Instructions to follow
In full and without change, transcribe the records below.
----- Record excerpts
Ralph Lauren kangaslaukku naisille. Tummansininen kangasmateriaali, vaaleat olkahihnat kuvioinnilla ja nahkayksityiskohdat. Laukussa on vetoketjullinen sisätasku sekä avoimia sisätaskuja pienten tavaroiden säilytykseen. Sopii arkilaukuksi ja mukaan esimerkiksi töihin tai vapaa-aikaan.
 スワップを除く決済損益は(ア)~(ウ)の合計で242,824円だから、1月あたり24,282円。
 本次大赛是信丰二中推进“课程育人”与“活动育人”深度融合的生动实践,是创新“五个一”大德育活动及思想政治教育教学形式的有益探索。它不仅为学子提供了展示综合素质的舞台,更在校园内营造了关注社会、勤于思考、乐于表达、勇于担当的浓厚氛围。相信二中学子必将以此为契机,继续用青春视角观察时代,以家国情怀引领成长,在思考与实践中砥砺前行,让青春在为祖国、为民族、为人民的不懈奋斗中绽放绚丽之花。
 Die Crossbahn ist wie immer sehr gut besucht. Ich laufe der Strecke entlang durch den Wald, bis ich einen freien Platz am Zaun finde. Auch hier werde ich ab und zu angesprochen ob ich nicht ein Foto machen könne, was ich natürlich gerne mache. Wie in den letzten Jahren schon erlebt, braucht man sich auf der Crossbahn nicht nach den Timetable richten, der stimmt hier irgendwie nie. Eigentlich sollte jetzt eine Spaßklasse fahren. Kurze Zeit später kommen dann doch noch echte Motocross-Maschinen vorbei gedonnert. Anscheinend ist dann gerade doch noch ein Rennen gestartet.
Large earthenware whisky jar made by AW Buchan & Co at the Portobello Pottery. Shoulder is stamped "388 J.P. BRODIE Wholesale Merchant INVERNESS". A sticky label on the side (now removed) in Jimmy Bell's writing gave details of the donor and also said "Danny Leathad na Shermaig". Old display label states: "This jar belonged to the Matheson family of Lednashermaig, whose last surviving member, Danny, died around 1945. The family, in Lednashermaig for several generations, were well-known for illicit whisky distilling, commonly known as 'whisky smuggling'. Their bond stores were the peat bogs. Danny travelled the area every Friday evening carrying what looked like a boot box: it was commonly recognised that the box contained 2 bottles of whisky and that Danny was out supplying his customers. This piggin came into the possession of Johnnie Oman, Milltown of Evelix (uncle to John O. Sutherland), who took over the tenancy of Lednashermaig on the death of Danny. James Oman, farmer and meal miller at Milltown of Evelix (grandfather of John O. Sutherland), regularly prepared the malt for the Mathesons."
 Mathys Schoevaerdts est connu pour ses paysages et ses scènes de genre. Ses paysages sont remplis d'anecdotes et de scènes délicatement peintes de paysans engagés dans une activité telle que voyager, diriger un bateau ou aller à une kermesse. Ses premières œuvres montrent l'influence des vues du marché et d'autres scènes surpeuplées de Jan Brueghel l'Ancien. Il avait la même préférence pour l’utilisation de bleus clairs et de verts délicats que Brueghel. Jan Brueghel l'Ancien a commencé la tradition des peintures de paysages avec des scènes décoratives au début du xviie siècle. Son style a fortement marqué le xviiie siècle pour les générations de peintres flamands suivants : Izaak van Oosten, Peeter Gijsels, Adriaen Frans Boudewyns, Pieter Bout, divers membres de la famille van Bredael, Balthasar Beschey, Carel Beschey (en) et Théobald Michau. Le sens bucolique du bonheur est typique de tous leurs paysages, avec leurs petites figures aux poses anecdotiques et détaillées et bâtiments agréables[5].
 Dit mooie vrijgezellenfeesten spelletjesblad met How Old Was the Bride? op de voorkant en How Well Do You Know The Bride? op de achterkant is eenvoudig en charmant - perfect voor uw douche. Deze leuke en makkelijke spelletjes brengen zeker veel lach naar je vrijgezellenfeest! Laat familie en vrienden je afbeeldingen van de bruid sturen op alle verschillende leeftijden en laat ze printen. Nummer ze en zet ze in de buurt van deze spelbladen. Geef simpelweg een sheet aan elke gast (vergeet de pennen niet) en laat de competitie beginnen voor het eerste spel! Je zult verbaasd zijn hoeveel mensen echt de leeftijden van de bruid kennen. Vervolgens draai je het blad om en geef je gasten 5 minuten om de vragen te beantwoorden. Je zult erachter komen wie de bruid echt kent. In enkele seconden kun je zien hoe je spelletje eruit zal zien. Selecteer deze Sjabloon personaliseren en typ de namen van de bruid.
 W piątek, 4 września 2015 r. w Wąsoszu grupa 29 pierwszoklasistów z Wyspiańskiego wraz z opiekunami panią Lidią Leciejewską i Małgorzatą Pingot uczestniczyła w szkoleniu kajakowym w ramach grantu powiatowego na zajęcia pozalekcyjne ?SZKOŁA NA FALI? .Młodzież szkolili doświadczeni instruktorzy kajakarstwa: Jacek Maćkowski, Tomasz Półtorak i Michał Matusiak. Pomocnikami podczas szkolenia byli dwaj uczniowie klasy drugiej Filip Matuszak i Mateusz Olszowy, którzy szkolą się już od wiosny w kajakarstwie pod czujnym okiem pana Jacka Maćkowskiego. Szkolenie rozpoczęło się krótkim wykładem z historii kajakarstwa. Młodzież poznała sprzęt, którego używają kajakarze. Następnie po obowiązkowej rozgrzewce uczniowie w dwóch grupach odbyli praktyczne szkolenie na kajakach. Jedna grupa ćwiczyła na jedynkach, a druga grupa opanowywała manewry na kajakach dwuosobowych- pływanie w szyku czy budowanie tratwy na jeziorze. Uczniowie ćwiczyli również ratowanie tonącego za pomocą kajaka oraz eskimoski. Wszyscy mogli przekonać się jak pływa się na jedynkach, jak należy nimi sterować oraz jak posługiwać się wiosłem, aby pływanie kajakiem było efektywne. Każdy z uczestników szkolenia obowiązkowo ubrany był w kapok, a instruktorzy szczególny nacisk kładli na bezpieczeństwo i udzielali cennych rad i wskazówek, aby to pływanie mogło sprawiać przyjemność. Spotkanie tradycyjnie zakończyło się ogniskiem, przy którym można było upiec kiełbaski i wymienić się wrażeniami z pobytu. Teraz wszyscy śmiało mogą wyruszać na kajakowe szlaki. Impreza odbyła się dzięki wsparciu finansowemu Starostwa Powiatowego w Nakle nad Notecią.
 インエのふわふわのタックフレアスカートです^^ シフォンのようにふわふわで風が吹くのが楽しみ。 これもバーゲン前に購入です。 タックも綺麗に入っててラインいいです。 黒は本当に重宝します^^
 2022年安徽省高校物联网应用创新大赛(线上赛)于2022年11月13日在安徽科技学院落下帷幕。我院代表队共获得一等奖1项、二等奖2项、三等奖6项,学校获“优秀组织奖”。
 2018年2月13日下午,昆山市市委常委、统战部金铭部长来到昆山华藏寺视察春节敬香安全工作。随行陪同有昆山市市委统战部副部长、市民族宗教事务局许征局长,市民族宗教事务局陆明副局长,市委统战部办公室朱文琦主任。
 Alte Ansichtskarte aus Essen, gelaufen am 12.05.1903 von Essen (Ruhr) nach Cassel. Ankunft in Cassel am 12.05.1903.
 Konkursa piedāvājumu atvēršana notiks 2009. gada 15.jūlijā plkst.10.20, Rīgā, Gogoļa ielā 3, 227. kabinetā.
----------
Solution to this problem
Ralph Lauren kangaslaukku naisille. Tummansininen kangasmateriaali, vaaleat olkahihnat kuvioinnilla ja nahkayksityiskohdat. Laukussa on vetoketjullinen sisätasku sekä avoimia sisätaskuja pienten tavaroiden säilytykseen. Sopii arkilaukuksi ja mukaan esimerkiksi töihin tai vapaa-aikaan.
 スワップを除く決済損益は(ア)~(ウ)の合計で242,824円だから、1月あたり24,282円。
 本次大赛是信丰二中推进“课程育人”与“活动育人”深度融合的生动实践,是创新“五个一”大德育活动及思想政治教育教学形式的有益探索。它不仅为学子提供了展示综合素质的舞台,更在校园内营造了关注社会、勤于思考、乐于表达、勇于担当的浓厚氛围。相信二中学子必将以此为契机,继续用青春视角观察时代,以家国情怀引领成长,在思考与实践中砥砺前行,让青春在为祖国、为民族、为人民的不懈奋斗中绽放绚丽之花。
 Die Crossbahn ist wie immer sehr gut besucht. Ich laufe der Strecke entlang durch den Wald, bis ich einen freien Platz am Zaun finde. Auch hier werde ich ab und zu angesprochen ob ich nicht ein Foto machen könne, was ich natürlich gerne mache. Wie in den letzten Jahren schon erlebt, braucht man sich auf der Crossbahn nicht nach den Timetable richten, der stimmt hier irgendwie nie. Eigentlich sollte jetzt eine Spaßklasse fahren. Kurze Zeit später kommen dann doch noch echte Motocross-Maschinen vorbei gedonnert. Anscheinend ist dann gerade doch noch ein Rennen gestartet.
Large earthenware whisky jar made by AW Buchan & Co at the Portobello Pottery. Shoulder is stamped "388 J.P. BRODIE Wholesale Merchant INVERNESS". A sticky label on the side (now removed) in Jimmy Bell's writing gave details of the donor and also said "Danny Leathad na Shermaig". Old display label states: "This jar belonged to the Matheson family of Lednashermaig, whose last surviving member, Danny, died around 1945. The family, in Lednashermaig for several generations, were well-known for illicit whisky distilling, commonly known as 'whisky smuggling'. Their bond stores were the peat bogs. Danny travelled the area every Friday evening carrying what looked like a boot box: it was commonly recognised that the box contained 2 bottles of whisky and that Danny was out supplying his customers. This piggin came into the possession of Johnnie Oman, Milltown of Evelix (uncle to John O. Sutherland), who took over the tenancy of Lednashermaig on the death of Danny. James Oman, farmer and meal miller at Milltown of Evelix (grandfather of John O. Sutherland), regularly prepared the malt for the Mathesons."
 Mathys Schoevaerdts est connu pour ses paysages et ses scènes de genre. Ses paysages sont remplis d'anecdotes et de scènes délicatement peintes de paysans engagés dans une activité telle que voyager, diriger un bateau ou aller à une kermesse. Ses premières œuvres montrent l'influence des vues du marché et d'autres scènes surpeuplées de Jan Brueghel l'Ancien. Il avait la même préférence pour l’utilisation de bleus clairs et de verts délicats que Brueghel. Jan Brueghel l'Ancien a commencé la tradition des peintures de paysages avec des scènes décoratives au début du xviie siècle. Son style a fortement marqué le xviiie siècle pour les générations de peintres flamands suivants : Izaak van Oosten, Peeter Gijsels, Adriaen Frans Boudewyns, Pieter Bout, divers membres de la famille van Bredael, Balthasar Beschey, Carel Beschey (en) et Théobald Michau. Le sens bucolique du bonheur est typique de tous leurs paysages, avec leurs petites figures aux poses anecdotiques et détaillées et bâtiments agréables[5].
 Dit mooie vrijgezellenfeesten spelletjesblad met How Old Was the Bride? op de voorkant en How Well Do You Know The Bride? op de achterkant is eenvoudig en charmant - perfect voor uw douche. Deze leuke en makkelijke spelletjes brengen zeker veel lach naar je vrijgezellenfeest! Laat familie en vrienden je afbeeldingen van de bruid sturen op alle verschillende leeftijden en laat ze printen. Nummer ze en zet ze in de buurt van deze spelbladen. Geef simpelweg een sheet aan elke gast (vergeet de pennen niet) en laat de competitie beginnen voor het eerste spel! Je zult verbaasd zijn hoeveel mensen echt de leeftijden van de bruid kennen. Vervolgens draai je het blad om en geef je gasten 5 minuten om de vragen te beantwoorden. Je zult erachter komen wie de bruid echt kent. In enkele seconden kun je zien hoe je spelletje eruit zal zien. Selecteer deze Sjabloon personaliseren en typ de namen van de bruid.
 W piątek, 4 września 2015 r. w Wąsoszu grupa 29 pierwszoklasistów z Wyspiańskiego wraz z opiekunami panią Lidią Leciejewską i Małgorzatą Pingot uczestniczyła w szkoleniu kajakowym w ramach grantu powiatowego na zajęcia pozalekcyjne ?SZKOŁA NA FALI? .Młodzież szkolili doświadczeni instruktorzy kajakarstwa: Jacek Maćkowski, Tomasz Półtorak i Michał Matusiak. Pomocnikami podczas szkolenia byli dwaj uczniowie klasy drugiej Filip Matuszak i Mateusz Olszowy, którzy szkolą się już od wiosny w kajakarstwie pod czujnym okiem pana Jacka Maćkowskiego. Szkolenie rozpoczęło się krótkim wykładem z historii kajakarstwa. Młodzież poznała sprzęt, którego używają kajakarze. Następnie po obowiązkowej rozgrzewce uczniowie w dwóch grupach odbyli praktyczne szkolenie na kajakach. Jedna grupa ćwiczyła na jedynkach, a druga grupa opanowywała manewry na kajakach dwuosobowych- pływanie w szyku czy budowanie tratwy na jeziorze. Uczniowie ćwiczyli również ratowanie tonącego za pomocą kajaka oraz eskimoski. Wszyscy mogli przekonać się jak pływa się na jedynkach, jak należy nimi sterować oraz jak posługiwać się wiosłem, aby pływanie kajakiem było efektywne. Każdy z uczestników szkolenia obowiązkowo ubrany był w kapok, a instruktorzy szczególny nacisk kładli na bezpieczeństwo i udzielali cennych rad i wskazówek, aby to pływanie mogło sprawiać przyjemność. Spotkanie tradycyjnie zakończyło się ogniskiem, przy którym można było upiec kiełbaski i wymienić się wrażeniami z pobytu. Teraz wszyscy śmiało mogą wyruszać na kajakowe szlaki. Impreza odbyła się dzięki wsparciu finansowemu Starostwa Powiatowego w Nakle nad Notecią.
 インエのふわふわのタックフレアスカートです^^ シフォンのようにふわふわで風が吹くのが楽しみ。 これもバーゲン前に購入です。 タックも綺麗に入っててラインいいです。 黒は本当に重宝します^^
 2022年安徽省高校物联网应用创新大赛(线上赛)于2022年11月13日在安徽科技学院落下帷幕。我院代表队共获得一等奖1项、二等奖2项、三等奖6项,学校获“优秀组织奖”。
 2018年2月13日下午,昆山市市委常委、统战部金铭部长来到昆山华藏寺视察春节敬香安全工作。随行陪同有昆山市市委统战部副部长、市民族宗教事务局许征局长,市民族宗教事务局陆明副局长,市委统战部办公室朱文琦主任。
 Alte Ansichtskarte aus Essen, gelaufen am 12.05.1903 von Essen (Ruhr) nach Cassel. Ankunft in Cassel am 12.05.1903.
 Konkursa piedāvājumu atvēršana notiks 2009. gada 15.jūlijā plkst.10.20, Rīgā, Gogoļa ielā 3, 227. kabinetā.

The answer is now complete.